Unilever used to be the stock you should never sell. But the world has changed

Here we come to the first of business problems: globalization has stalled for a variety of reasons, from the popular belief that it has ended the rise in living standards for many in the West, to the desire for chains of supply more robust and less dependent on an unpredictable China better able to cope with upheavals like the pandemic.

Along with this trend, the rise of globalized brands, at least when it comes to the food, personal care and cleaning products Unilever sells, is also threatened.

“For a long time, global brands have been the place to be and Unilever has been riding the wave,” says Tineke Frikkee of Waverton Investment Management. “But now local brands are gaining share, helped by technology.”

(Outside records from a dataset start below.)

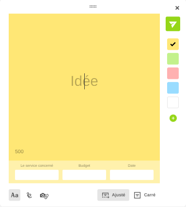 Les dimensions sont utilisées pour mieux qualifier les idées. Les dimensions prennent la forme de champs libres au bas de chaque idée. Les participants sont libres de saisir des détails supplémentaires (par exemple, prénom, date, mot-clé). Le modérateur peut ensuite utiliser ces critères pour affiner le tri des idées.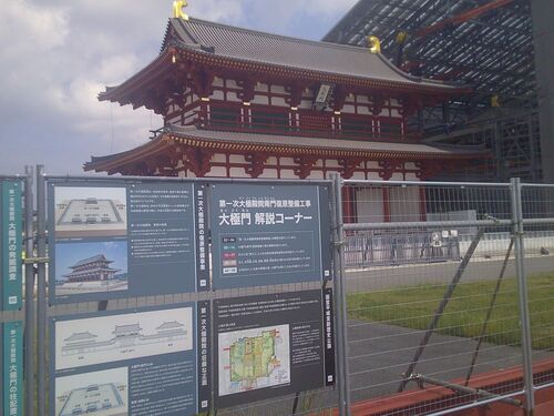 奈良市・平城宮跡で、大極殿院南門・東楼の復原工事が進んでいて、現場には解説コーナーが設けてあります。(S)=2025年9月9日撮影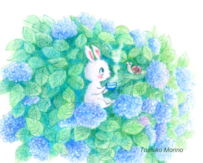 うさぎと紫陽花🌿 絵本風イラストは、 creema、minneで発売中です✨ 【minne】 minne.com/@ryopinoko 【creema】 creema.jp/c/ryo_les_lapi… #イラスト #アナログ絵 #水彩イラスト #ウサギ #うさぎイラスト #TLを紫陽花でいっぱいにしよう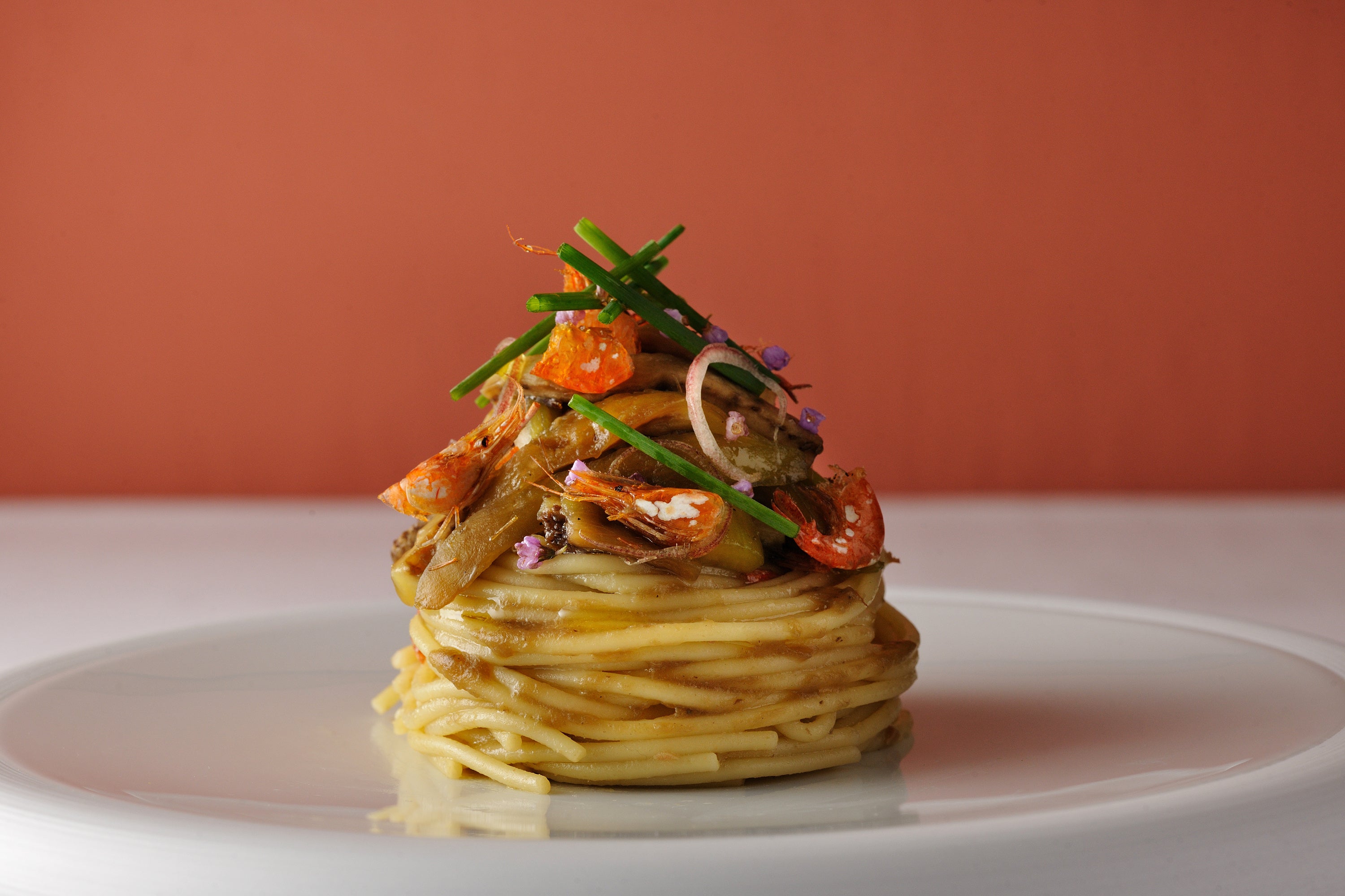 香り高く仕上げた川海老と焼きナスをふんだんに使ったパスタ料理です。アンチョビと行者ニンニクのピュレを合わせることで焼きナスの旨味を引き出しました。仕上げに添えた花穂じそや茗荷の上品な風味がアクセントの一品です。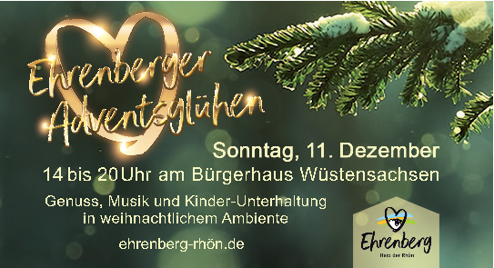 Zum „Ehrenberger Adventsglühen“ laden die Ortsvorsteher und die Gemeinde Ehrenberg (Rhön) am Sonntag (11. Dezember ) von 14 bis 20 Uhr ein. Dabei steht in diesem Jahr „Kulinarik in weihnachtlichem Ambiente“ in der Wüstensachsener Dorfmitte im Vordergrund – ohne die klassischen Weihnachtsmarkt-Verkaufsstände. Mit winterlichen Cocktail-Variationen, leckerem Glühwein, selbstgemachten Burgern, heißem Leberkäse und gegrillten Leckereien, Kaffee & Kuchen, Crêpes, heißen Waffeln, Empanadas, Allerlei von den Streuobstwiesen sowie einer Weinbar im Rathauskeller lässt es sich gut auf die Vorweihnachtszeit einstimmen. Für Kindergartenkinder werden um 15 Uhr und für Grundschulkinder um 16 Uhr Vorlesestunden mit Geschichten zur Weihnachtszeit vom Büchereiteam Wüstensachsen angeboten. Darüber hinaus können die Kids in der Zeit von 14 bis 17 Uhr im Bürgerhaus unter anderem aus Schafwolle mit einer Handspindel Fäden spinnen und zusammen basteln.

Before the advent of the internet, it was almost impossible to build a successful brand from scratch if you didn’t have the kind of marketing influence, backed by a big budget, that came from being an established business. long-standing and with deep pockets like Unilever. You used the profits from your existing brands to develop new ones – exactly the kind of makeup we talked about.

This has changed. Now, start-ups with innovative ideas and catchy names can grab the attention of consumers through a smart social media campaign or the use of local online “influencers”. These original products, well rooted in their places of origin, can build a relationship with target customers in a way that a big budget advertisement for Persil, for example, cannot.